Unfortunately, I could not solve the problem. The user hopeless404 suggested this:
For any instruction $I$, the total amoebae increase by $I-1$. In the case of $(a)$, you can write a Diophantine eq which is $$23+(7-1)a+(12-1)b+(16-1)c=114$$ where the letters correspond to how many times their instruction is given.
but that would take too much time to test all the possible cases..
I have no idea how to start this but I thought of a brute-force thing but you can never be sure to have found the minimum value given that the values of $N$ and other things are pretty big in the sub-parts. Probably we can develop a recurrence relation and I think we'll have to do that but how? I probably think that the the solution given by hopeless404 should work..
Any help would be appreciated. Thanks.
The calculation using the equation $$(A-1)a+(B-1)b+(C-1)c=N-K$$ is reasonably easy if you use modular arithmetic.
For example, question(b)
$$6a+14b+15c=67$$
Modulo $3$ (it's a good idea to use divisors of the coefficients) the equation becomes $2b\equiv 1$ (mod $3$) i.e. $b\equiv 2$ (mod $3$). The only possibility is $b=2$.
Then $6a+15c=39$ i.e. $2a+5c=13$ gives $a=4,c=1$.
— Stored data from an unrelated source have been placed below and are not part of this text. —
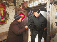 12月29日至30日,中共中央總書記、中央軍委主席習近平在河北省阜平縣看望慰問困難群眾。這是習近平在龍泉關(guān)鎮(zhèn)駱駝灣村到困難群眾唐榮斌家看望。 新華社記者 蘭紅光攝
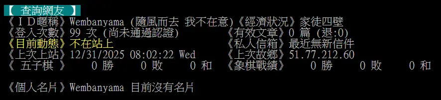 ※ 文章網址: https://www.ptt.cc/bbs/NBAEasyChat/M.1767762218.A.1A8.html
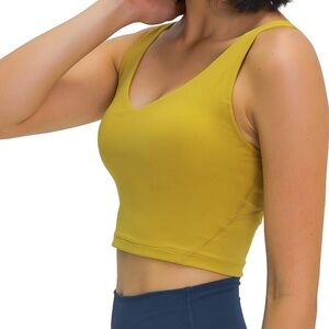 Women’s Yellow V Neck Sports Bra Crop Top Large
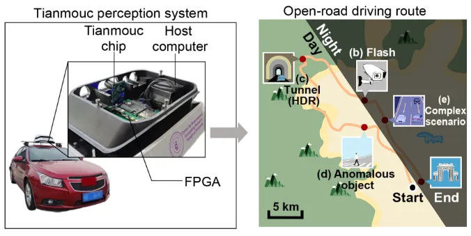 基于“天眸芯”,团队还自主研发了高性能软件和算法,并在开放环境车载平台上进行了性能验证。在多种极端场景下,该系统实现了低延迟、高性能的实时感知推理,展现了其在智能无人系统领域的巨大应用潜力。

Can you do the others now? Arguably the most involved is Question (c) where $$8a+11b+25c=138$$ For a solution with a small number of instructions, you can consider separately the cases
$c=0, b\equiv 6$ (mod $8$) i.e $b=6$
$c=1, b\equiv 3$ (mod $8$) i.e $b=3$
$c=2, b\equiv 0$ (mod $8$) i.e $b=0$ or $8$
etc.
Note that $c=2,b=8$ gives a solution with $N=10$.